If you could do it nonstop, it would take you six days to
walk from Henry David Thoreau's Walden Pond to President Barack Obama's White
House. For the Sierra Club, that journey has taken much longer. For 120 years,
we have remained committed to using every "lawful means" to achieve
our objectives. Now, for the first time in our history, we are prepared to go
further.

Next month, the Sierra Club will officially participate in
an act of peaceful civil resistance. We'll be following in the hallowed
footsteps of Thoreau, who first articulated the principles of civil
disobedience 44 years before John Muir founded the Sierra Club.

Some of you might wonder what took us so long. Others might
wonder whether John Muir is sitting up in his grave. In fact, John Muir had
both a deep appreciation for Thoreau and a powerful sense of right and wrong.
And it's the issue of right versus wrong that has brought the Sierra Club to
this unprecedented decision.

For civil disobedience to be justified, something must be so
wrong that it compels the strongest defensible protest. Such a protest, if
rendered thoughtfully and peacefully, is in fact a profound act of patriotism.
For Thoreau, the wrongs were slavery and the invasion of Mexico. For Martin
Luther King, Jr., it was the brutal, institutionalized racism of the Jim Crow
South. For us, it is the possibility that the United States might surrender any
hope of stabilizing our planet's climate.

As President Obama eloquently said during his inaugural
address, "You and I, as citizens, have the obligation to shape the debates
of our time, not only with the votes we cast, but the voices we lift in defense
of our most ancient values and enduring ideas."

As citizens, for us to give up on stopping runaway global
temperatures would be all the more tragic if it happened at the very moment
when we are seeing both tremendous growth in clean energy and firsthand
evidence of what extreme weather can do. Last year, record heat and drought
across the nation wiped out half of our corn crop and 60 percent of our
pasturelands. Wildfires in Colorado, Texas, and elsewhere burned nearly nine
million acres. And superstorm Sandy brought devastation beyond anyone's
imagining to the Eastern Seaboard.

We are watching a global crisis unfold before our eyes, and
to stand aside and let it happen -- even though we know how to stop it
-- would be unconscionable. As the president said on Monday, "to do so
would betray our children and future generations." It couldn't be
simpler: Either we leave at least two-thirds of the known fossil fuel reserves
in the ground, or we destroy our planet as we know it. That's our choice, if
you can call it that.

The Sierra Club has refused to stand by. We've worked hard
and brought all of our traditional tactics of lobbying, electoral work,
litigation, grassroots organizing, and public education to bear on this crisis.
And we have had great success -- stopping more than 170 coal plants from being
built, securing the retirement of another 129 existing plants, and helping grow
a clean energy economy. But time is running out, and there is so much more to
do. The stakes are enormous. At this point, we can't afford to lose a single
major battle. That's why the Sierra Club's Board of Directors has for the first
time endorsed an act of peaceful civil disobedience.

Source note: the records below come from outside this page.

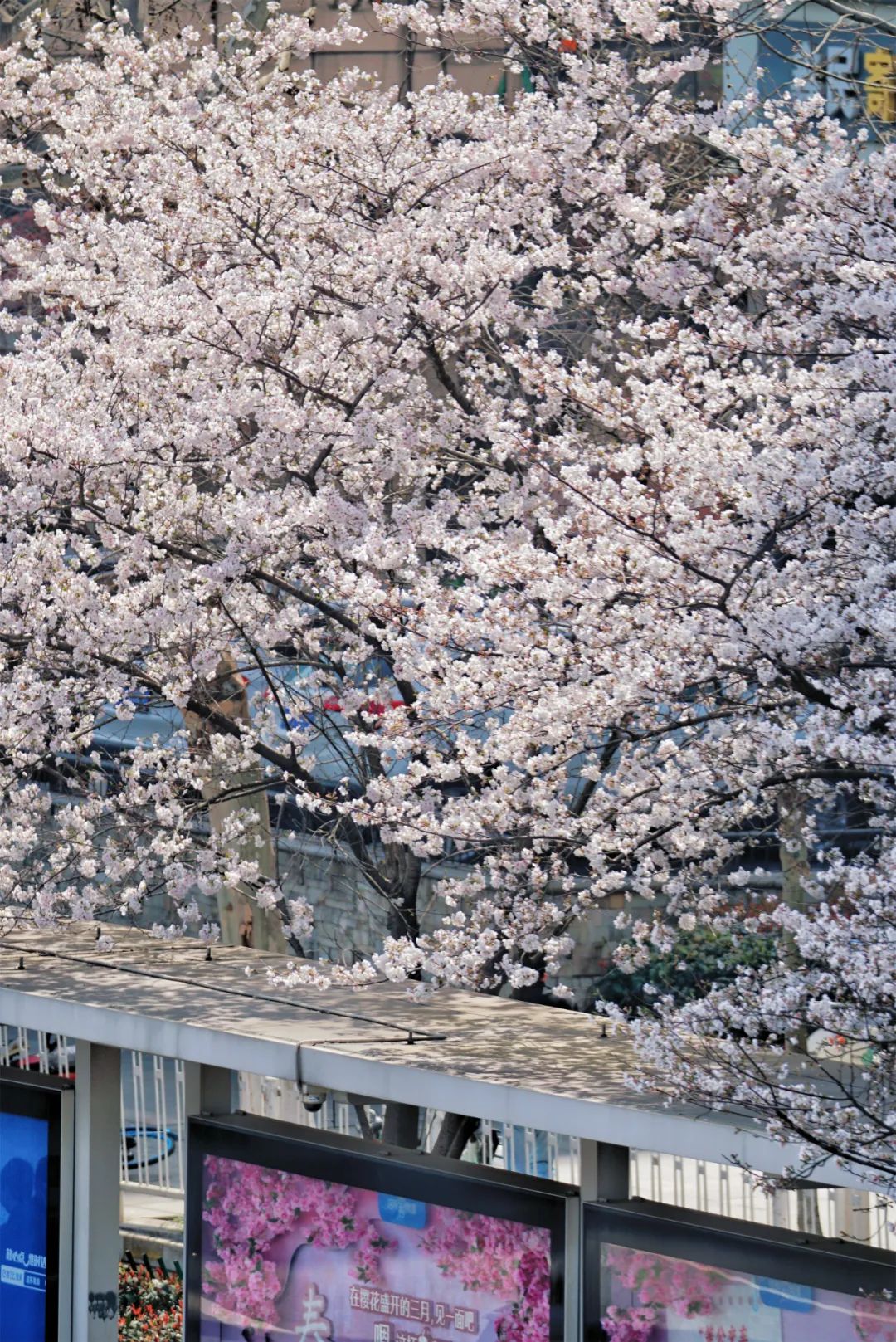 看到十几株正值盛花期的樱花树。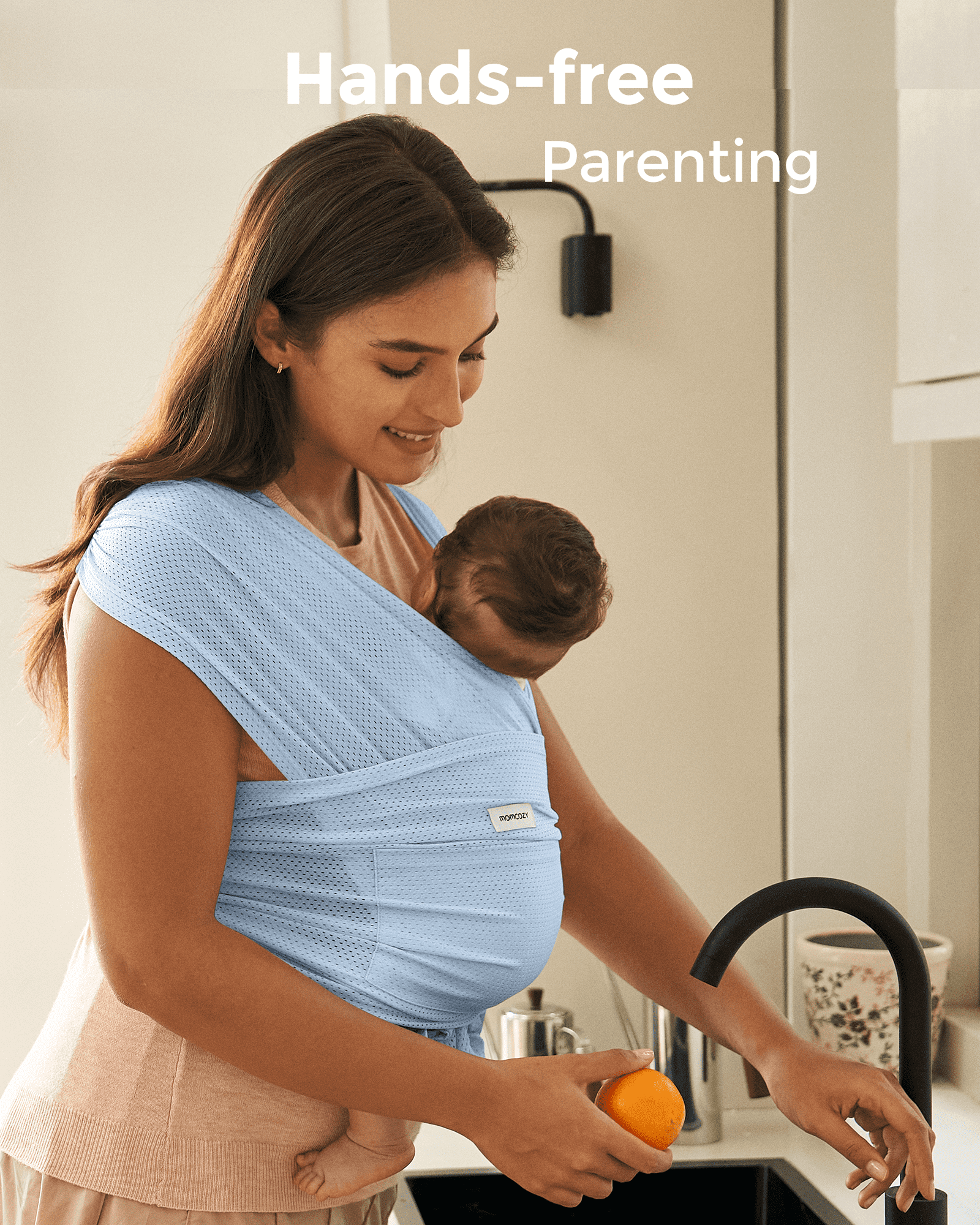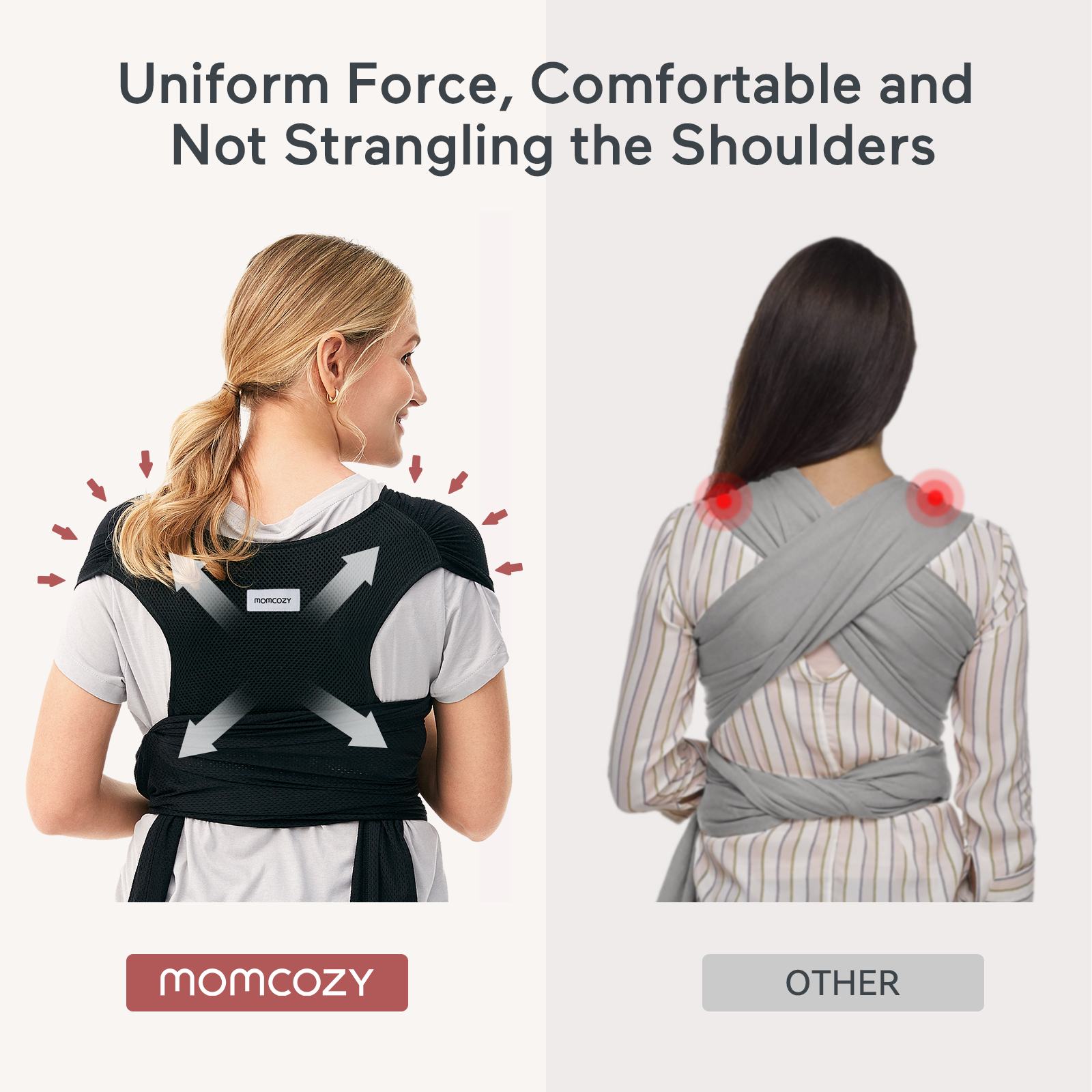 - 【Perfect for Summer】Made with soft, stretchy, breathable and moisture-wicking fabric, Momcozy baby carrier warp offers a sturdy and secure hold. Your baby will feel like they're getting a comfy hug while staying cool and comfortable.Provide ultimate care for your little one.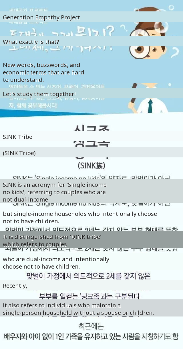 An acronym for 'Single Income, No Kids,' referring to couples where one spouse works and they intentionally choose not to have children. The '족' (jok) means 'tribe' or 'group.'

In doing so, we're issuing a challenge to President Obama,
who spoke stirringly in his inaugural address about how America must lead the
world on the transition to clean energy. Welcome as those words were, we need
the president to match them with strong action and use the first 100 days of
his second term to begin building a bold and lasting legacy of clean energy and
climate stability.

That means rejecting the dangerous tar sands pipeline that
would transport some of the dirtiest oil on the planet, and other reckless
fossil fuel projects from Northwest coal exports to Arctic drilling. It means
following through on his pledge to double down again on clean energy, and cut
carbon pollution from smokestacks across the country. And, perhaps most of all,
it means standing up to the fossil fuel corporations that would drive us over
the climate cliff without so much as a backward glance.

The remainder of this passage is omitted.